At some point in my relationship with The Nothing That Is I began to forget that I was reading a collection of essays on art, language, and being, and began, instead, to believe that I was reading a guidebook on how to approach and appreciate outer space. Because, in her recuperative and intimate readings of the often despairing, always life-affirming schisms between what is expressed and what remains inexpressible, Johanna Skibsrud has written a manifesto of liminal, reverberative space, as essential to our understanding of poetry and art, as to that of black holes and the Milky Way. --Brandon Shimoda, author of The Grave on the Wall


Contributor Bio(s): Skibsrud, Johanna: - Johanna Skibsrud is a novelist, poet and Assistant Professor of English at the University of Arizona. Her debut novel, The Sentimentalists, was awarded the 2010 Scotiabank Giller Prize, making her the youngest writer to win Canada's most prestigious literary prize. The book was subsequently shortlisted for the Commonwealth Book Award and is currently translated into five languages. The New York Times Book Review describes her novel, Quartet for the End of Time (2014) as a "haunting" exploration of "the complexity of human relationships and the myriad ways in which identity can be malleable." Johanna is also the author of two collections of short fiction: This Will Be Difficult to Explain (2011; shortlisted for the Danuta Gleed Award) and Tiger, Tiger (2018), a children's book, and three books of poetry.
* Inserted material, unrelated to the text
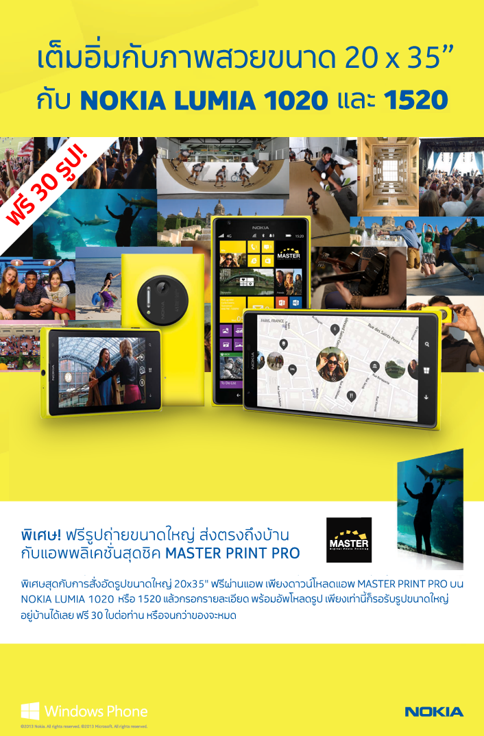 Nokia Lumia 1020 และ 1520 อัดรูป 20x35" ฟรี 30 รูป

Her poetry collection, The Description of the World (2016), was the recipient of the 2017 Canadian Author's Association for Poetry and the 2017 Fred Cogswell Award. Johanna's poems and stories have been published in Zoetrope, Ecotone, and Glimmertrain, among numerous other journals. Her scholarly essays have appeared in, among other places, The Luminary, Excursions, Mosaic, TIES, and the Brock Review. A critical monograph titled The Poetic Imperative: A Speculative Aesthetics is forthcoming. A novel, Island, will also be published by Hamish Hamilton in fall 2019.